Committente: chi, per risolvere un problema, lo definisce e lo programma con l'apporto di esperti. Poi individua l'architetto in grado di dargli sostanza e forma, affidandogli la piena regia dell'operazione.

Progetto: espressione fra le più alte delle qualità dell'uomo: la capacità di sognare alternative, riflettere e poi decidere su come trasformare il presente ed esprimere aspirazioni future.

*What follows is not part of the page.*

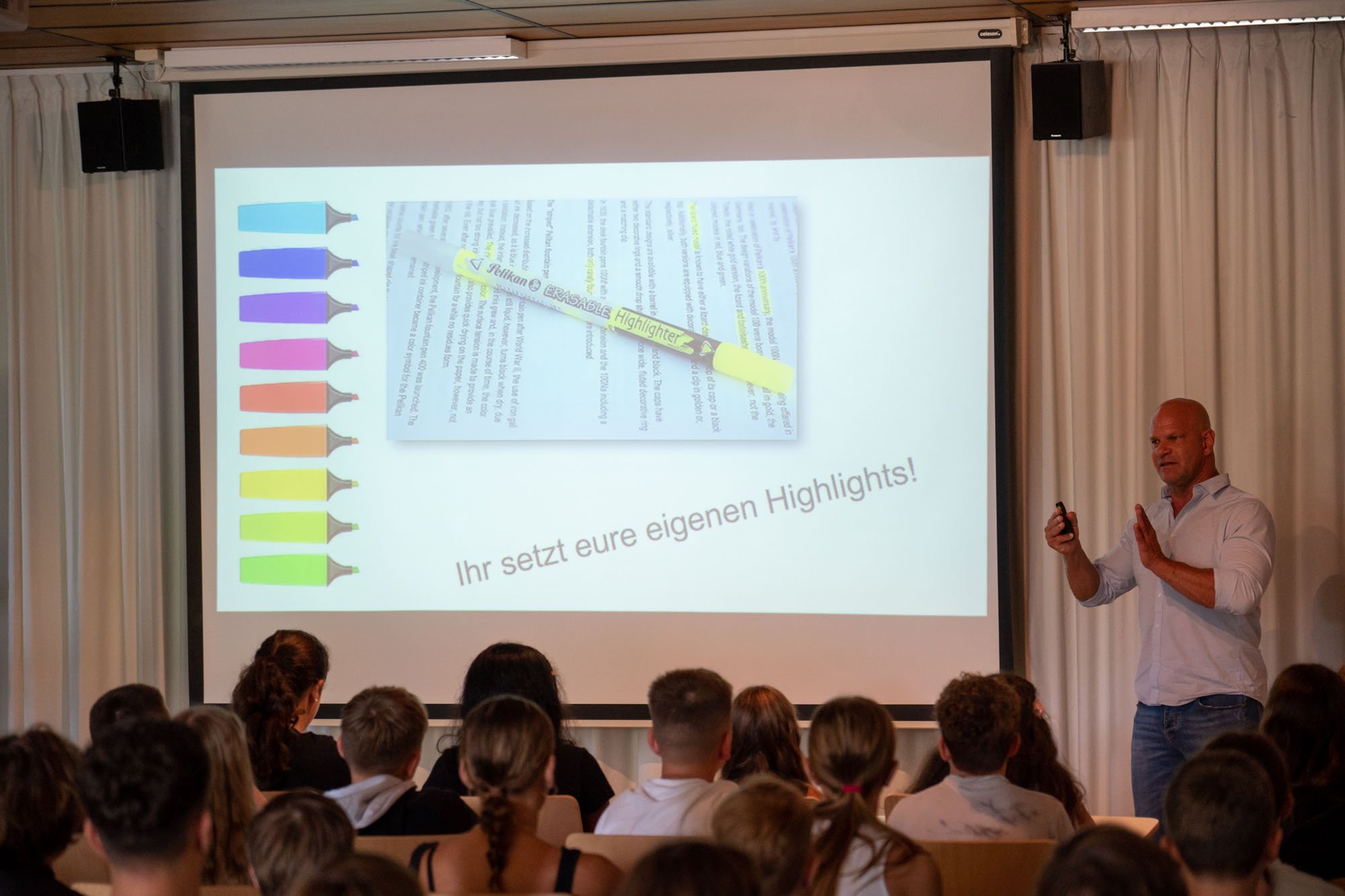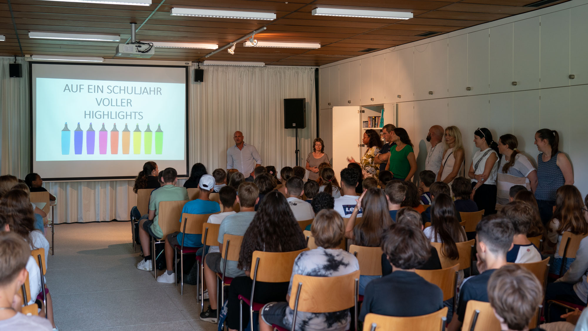 Unter dem Motto "Auf ein Schuljahr voller Highlights" wurden die neuen Schüler und Schülerinnen der 1. Oberstufenklassen am letzten Montag in der Suhrenmatte begrüsst. Der Schulleiter Patrik Brack schaffte bei seiner Begrüssung Vorfreude auf die kommenden Highlights dieses Schuljahres, wie zum Beispiel der Ausdauersporttag, das Schulhausfest oder die Themenwoche. Er ermunterte die neuen Schüler und Schülerinnen aber auch, ihre eigenen Highlights zu setzen, indem sie sie sich für die Schule, ihre Leidenschaften und ihre Mitschüler und Mitschülerinnen im Schulhaus einsetzen. Damit dies sicher gelingt, durften alle einen neuen Highlighter mitnehmen. Wir wünschen allen neuen Schüler und Schülerinnen einen guten Start, eine unvergessliche Zeit und viel Erfolg in der Suhrenmatte!

Quindi dati, definizioni e procedure per ottenere realizzazioni conformi.

Studio di progettazione: struttura organizzata per produrre un progetto, normalmente articolata in distinte unità cooperanti: l'una esperta nella ricerca e messa a punto degli aspetti architettonici (complessità integrate); l'altra specializzata nelle definizioni di ingegneria (approfondimenti e ottimizzazioni settoriali).

Norme: poche limitate regole e raccomandazioni generali che, in termini chiari, guidano la progettazione perché risponda a interessi collettivi.

Permesso di costruzione: atto che riconosce come di interesse collettivo un progetto e la relativa domanda di trasformazione dell'ambiente preesistente.

Tradizione: suo principale insegnamento: l'innovazione, la risposta diretta e continua ai bisogni della gente, la conservazione dei presupposti perché il patrimonio preesistente viva e si rinnovi.

Università: luogo dove si formano le nuove generazioni, predisponendole alla ricerca e alla valutazione critica delle trasformazioni; dove si insegnano metodologie e tecniche per prevederle, guidarle, definirle e attuarle.

Traslati in lingua italiana, questi stessi termini assumono significati diversi od opposti. L'elenco potrebbe ampliarsi: ma anche se solo su queste sette definizioni per consueta prassi si concordasse, si dissolverebbero i sorrisi di convenienza che gli amici di altri paesi ci concedono (ben sapendo di ritornare nei propri contesti felici), i colloqui sarebbero più produttivi e la strada da percorrere per raggiungere la qualità dell'ambiente costruito risulterebbe ben lastricata, piana, permeabile: un panorama gradevole per chi la percorre e per chi la guarda dalla finestra di casa. Per procedere in questa direzione il Consiglio Nazionale Architetti promuove un referendum abrogativo della legge 216/95 e degli inconsapevoli decreti che ne derivano; rilancia, con l'IN/Arch, la Legge d'iniziativa popolare per l'Architettura.